Aside from the portability concerns others have raised, I don't really
see why you'd need this.

We already have the nest-level as part of the SID, so isn't it
sufficient (and portable) at the top-level to log what isatty says + set
the initial SID "root" in the IDE (which presumably knows about git).

Wouldn't this log passwords in cases of e.g.:

    some-script --git-password secret # invokes "git"

In older versions of linux reading e.g. smaps from /proc/self would
stall the kernel while the read was happening, I haven't checked whether
cmdline is such a thing (probably not), but it's a subtle thing to have
in mind for this / follow-ups if it's made portable (is that an issue on
other OS's?).

All that being said I've got nothing fundamentally against this.
Jeff Hostetler May 11, 2021, 5:28 p.m. UTC | #4
On 5/6/21 8:29 PM, Emily Shaffer wrote:
> It can be useful to tell who invoked Git - was it invoked manually by a
> user via CLI or script? By an IDE? Knowing where the Git invocation came
> from can help with debugging to isolate where the problem came from.
> 
> Unfortunately, there's no cross-platform reliable way to gather the name
> of the parent process. If procfs is present, we can use that; otherwise
> we will need to discover the name another way. However, the process ID
> should be sufficient regardless of platform.
> 
> Signed-off-by: Emily Shaffer <emilyshaffer@google.com>
> ---
> We briefly discussed hiding this behind a config, internally. However, I
> wanted to include the parent name alongside the cmd_start event, which
> happens very early (maybe before config gathering?).
> 
> Maybe it's better to log the parent_name as its own event, since it
> shouldn't change over the lifetime of the process?
> 
> procfs is very non-portable, though - I think this won't even work on
> MacOS. So I'm curious if anybody has better suggestions for how to do
> this.
> 
>   - Emily


Look at `trace2_collect_process_info()` in `trace2.h` and
`compat/win32/trace2_win32_process_info.c`.

That function is designed to let the process call out to
platform-specific code to do things like getting the name
of the invoking process.

It is called with an enum to indicate when/why it is being
called.

On Windows, I have platform code to get the process ancestry,
the peak VM usage, and whether the process is being debugged.
Two of those were easy....  And all are very platform-specific.

They all generate events of the form:

	trace2_data_*("process", "windows/<something>", ...)

Some of my `t021[012]/` helper scripts exclude "process" category
messages from the output to make the t*.sh tests portable.


To implement a /proc lookup as you have suggested, I would
fixup the Makefile or config.mak.uname to include something
like a "HAVE_..." feature and then use that at the
bottom of trace2.h to declare a trace2_collect_process_info()
function and then have your code in compat/procinfo.c hide
behind my interface.

Your code should emits events of the form:

	trace2_data_*("process", "linux/<something>", ...)

I notice there are several `PROCFS_*` symbols currently defined
in `config.mak.uname` so maybe this should be:

	trace2_data_*("process", "procfs/<something>", ...)

(I'm not sure how similar code for Linux and the various BSD
versions would be.)


Jeff
Junio C Hamano May 11, 2021, 9:31 p.m.
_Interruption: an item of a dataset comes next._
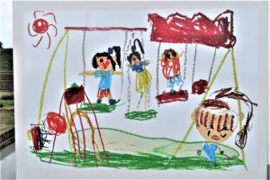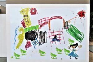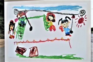 写真上、こども公園の横に建設されていた「トイレ」が完成。昨日、通りかかったら壁に可愛い絵が描いてあって、「ブログネタに写真を…」と思ったが、子どもや若いお母さんがたくさんおられたので「不審者!?」と誤解されてもいけないのでスルー。 今日は誰もいなかったのでパチリ。下は、そのクローズアップで「男子トイレ側の絵」、「女子トイレ側の絵」そして「南側の壁の絵」。それぞれの絵は、すぐ近くの【やばせこども園】の子どもたちが描いたのを拡大したもの。よく見たらブランコとか滑り台とか、すぐ横の「こども広場」のスケッチなのだろう。本日、昼前と夕刻、雨はパラパラだったので傘を持って散歩したが、少し差しただけだった。7320歩。

UTC | #5
Ævar Arnfjörð Bjarmason <avarab@gmail.com> writes:

> On Thu, May 06 2021, Emily Shaffer wrote:
>
>> It can be useful to tell who invoked Git - was it invoked manually by a
>> user via CLI or script? By an IDE? Knowing where the Git invocation came
>> from can help with debugging to isolate where the problem came from.
>
> Aside from the portability concerns others have raised, I don't really
> see why you'd need this.
>
> We already have the nest-level as part of the SID, so isn't it
> sufficient (and portable) at the top-level to log what isatty says + set
> the initial SID "root" in the IDE (which presumably knows about git).
>
> Wouldn't this log passwords in cases of e.g.:
>
>     some-script --git-password secret # invokes "git"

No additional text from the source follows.